Because, for practical purposes, we can’t only think of an AI system as a discrete entity. Instead, we must see AI as an amalgamation of the computer component of AI and the human beings that use it. It is this amalgamation that is effectively already intelligent, and therefore has real agency.
Indeed, what does it matter whether the human being behind the computer is not inside the computer, unlike the random access memory? It’s true that human beings, being relatively autonomous, can leave the computer and even smash it to bits (if only...). But that distinction between autonomy and being completely glued to the system is fading every day. We rely on computers more and more, not only for our physical needs, but increasingly now for our mental needs.

In other words, with the increasingly power and complexity of computer systems, we become less separated from the system and more like components of it. And the ones that give into this system completely (and there are plenty of them) become the least autonomous of all.

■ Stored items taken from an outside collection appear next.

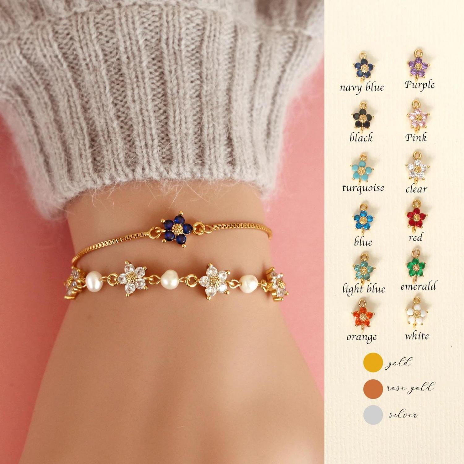 personalized bridesmaid gift, freshwater pearl bracelet flower girl bracelet, wedding gift, handmade jewelry Christmas gift for her, bridal party - The flower size: 8*8mm. The normal length: 1 flower no pearl length is 8.7 inches, 1 flower 1 pearl length is 8.9 inches, 2 flower 1 pearl length is 9.4 inches 3 flower 2 pearl length is 10 inches, 4 flower 3 pearl length is 9.5 inches. If you want other length, please let me know, I can change the length. ★★ MATCHING ITEMS ★★ Be sure to check out our other Flower girl Gifts below: Check out our other Bridesmaid Gifts below: Jewelry tarnished over time by everyday wearing or bathing is not returnable, refundable or replaceable. All plated materials are not solid precious metals and are susceptible to oxidation. Your jewelry is a special handmade piece so please take care accordingly and enjoy! Handmade time: 1-3 days( time from payment to shipment) Payment: Paypal or Credit Card accepted Each piece is handmade by Jay or Judy.
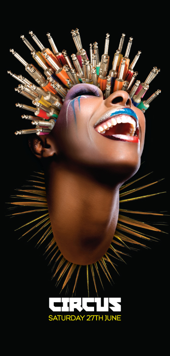 I’ve been designing the Circus flyers since 2005 and it all came about by chance. I was a regular at Circus and Chibuku in my student days and then became involved with the clubby running their guest list on a Saturday night. At the end of my first night I was talking to promoters Rich and Yousef who mentioned they were looking for a new designer and if I was interested I could give it a go. I designed the first flyer and the rest is history!
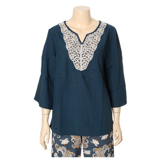 페이즐리 꽃이 믹스된 하의와 단색의 레이스로 포인트를 준 상의와
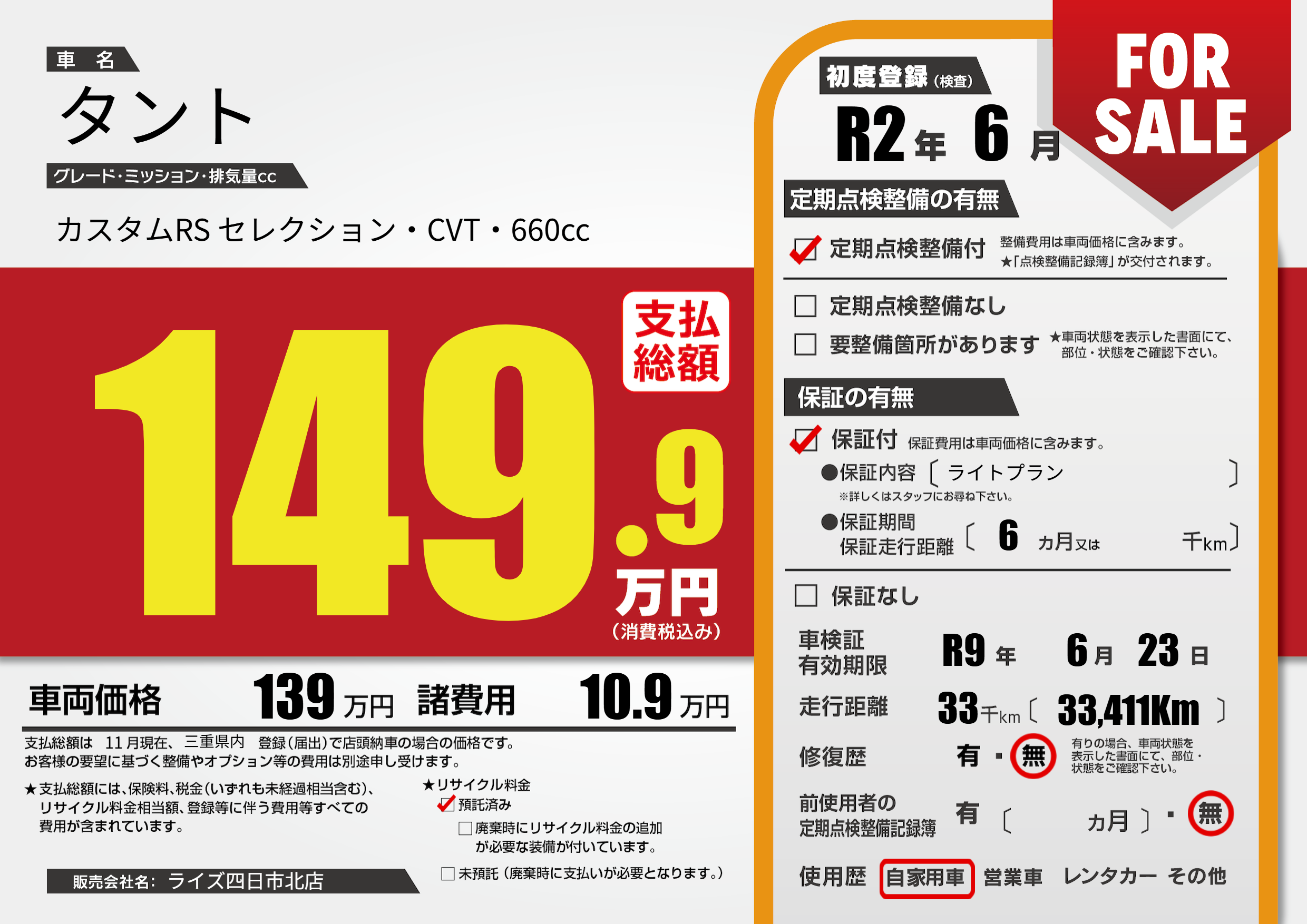 | 走行キロ | 3.3万km | 初年度登録 | R2年6月 |

Some say that if the computer itself had true intelligence without us, then it might try and annihilate us. But, the amalgamation of human beings with technology can do that just fine, and is doing that right now. The only difference is that the intelligence directing the process is not centralized to a single brain like in traditional organisms. And it’s already in the best interest of the richest and most wealthy to construct increasingly autonomous systems to do away with the need for the rest of us, so that the combination of their aimless desires with technology is just as dangerous as some autonomous computer system.

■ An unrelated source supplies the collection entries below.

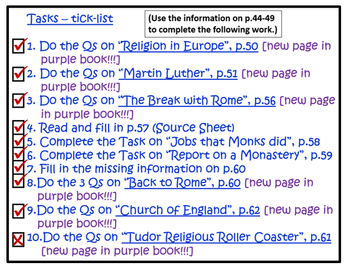 Make sure that the following tasks (on your tick-list) have been completed and ticked:
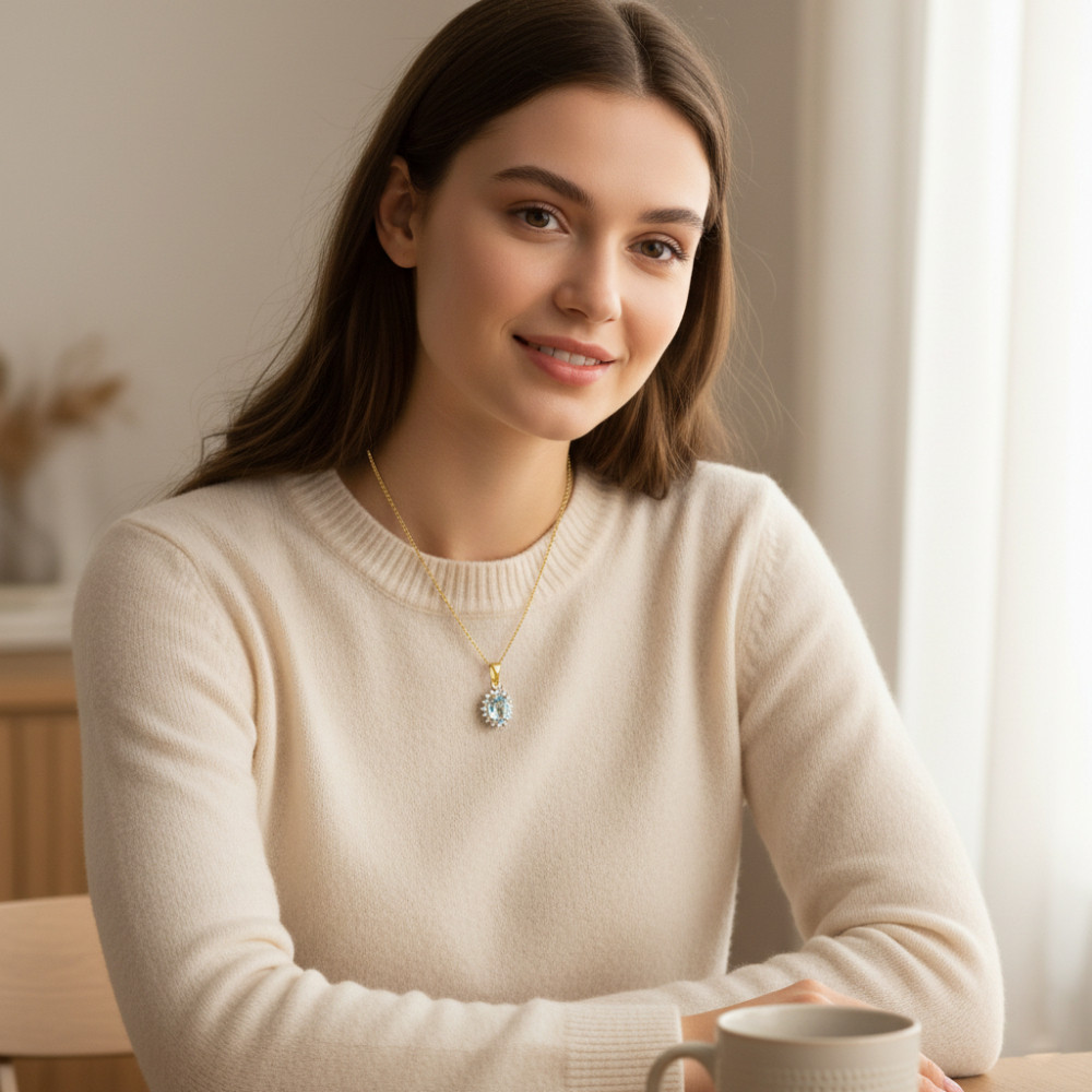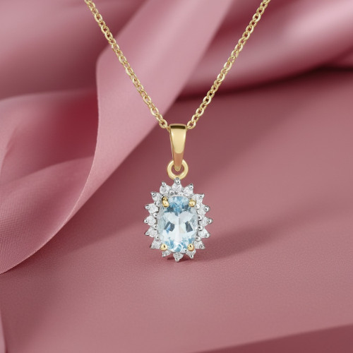 - Stunning 9 Carat Yellow Gold Oval Aquamarine & Diamond Cluster Pendant.
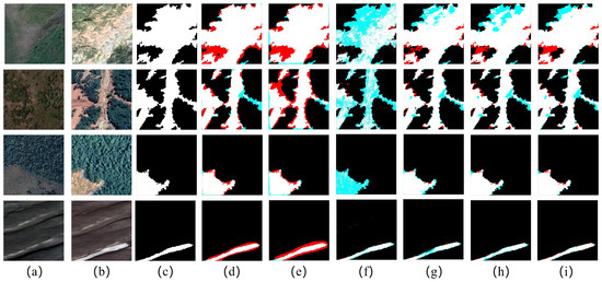 Firstly, a qualitative comparison of the algorithmic results on the LEVIR-CD and GVLM datasets was performed. Figure 8 and Figure 9 illustrate the detection results across different regions of the dataset. For clarity, we use labels (a–i) to represent the bi-temporal image, the ground truth, and the detection results for each algorithm. For better comparison, the visualization uses several colors to represent different prediction types: white for true positive, black for true negative, blue for false negative, and red for false positive.

There is little difference between a legion of computer programmers nurturing AI, and a self-aware machine with control of the system. The technophiles and programmers are effectively addicts and completely plugged in the system. They are glued right into the motherboard, with the rest of the computer adding its dangerous processes that approximate real thinking. Due to the group-think, prisoner’s dilemma, and collective behaviour of large groups, no one person can really stop it either. Not that the technophiles would want to either, of course. They benefit too much in the short-term to care.
So, any nightmare that you can imagine about an intelligent computer with too much power has already come true. There already is an intelligent system out there that is effectively like a child with a nuclear weapon: it is the evolving computer system with AI at its apex and the technophiles providing the true intelligence. Thus, whether an AI system can be intelligent or not is irrelevant. If it could gain some real intelligence or awareness like Skynet from the Terminator movie, that would just be academically interesting to philosophers and programmers.

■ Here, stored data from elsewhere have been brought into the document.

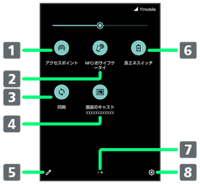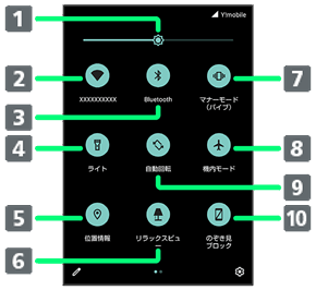 クイック設定パネルでは、アイコンをタップして機能のON/OFFなどを設定できます。
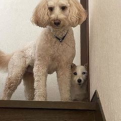 ゴールデンレトリバーのバディ&ソレイユのんびり生活にジャックラッセルテリアのグリンが襲来
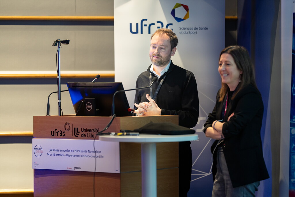 Après un mot de bienvenue du Professeur Dominique Lacroix, doyen de l’UFR3S, les représentants locaux des pilotes du PEPR, Luc Buée, référent scientifique pour l’Inserm, et Stéphane Huot, directeur du Centre Inria de l’Université de Lille, ont accueilli les participants.
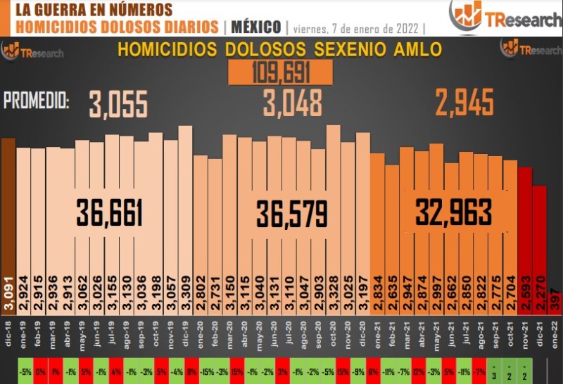 El reporte ‘MX: La Guerra en Números’, de T-ResearchMX, detalla que, de acuerdo con el registro de homicidios dolosos de la Secretaría de Seguridad y Protección Ciudadana, del 1 de diciembre de 2018 al 6 de enero de 2022, tiempo que lleva la actual Administración del presidente Andrés Manuel López Obrador, las fiscalías estatales y federales han registrado 109 mil 691 homicidios dolosos en México.

Unfortunately, most people see AI only as a discrete entity. But we just tend to think that way because seeing organisms as discrete entities is just a heuristic blind spot, useful in simpler times. We must wean ourselves off this paradigm because the technological system is becoming increasingly cohesive. The lines between technology and human being are blurring due to our freedom being restricted. We are becoming part of the system, just like any other computer component.
There are still parts of the world that are rebellious against this machine, but those parts are losing their power just as technology gains more power. The only way out is to smash large parts of the system, starting with the most advanced parts such as AI. If we don’t completely restrict and destroy AI and other advanced parts of the system, it will completely subjugate us very soon, and destroy most of wild nature right along with it.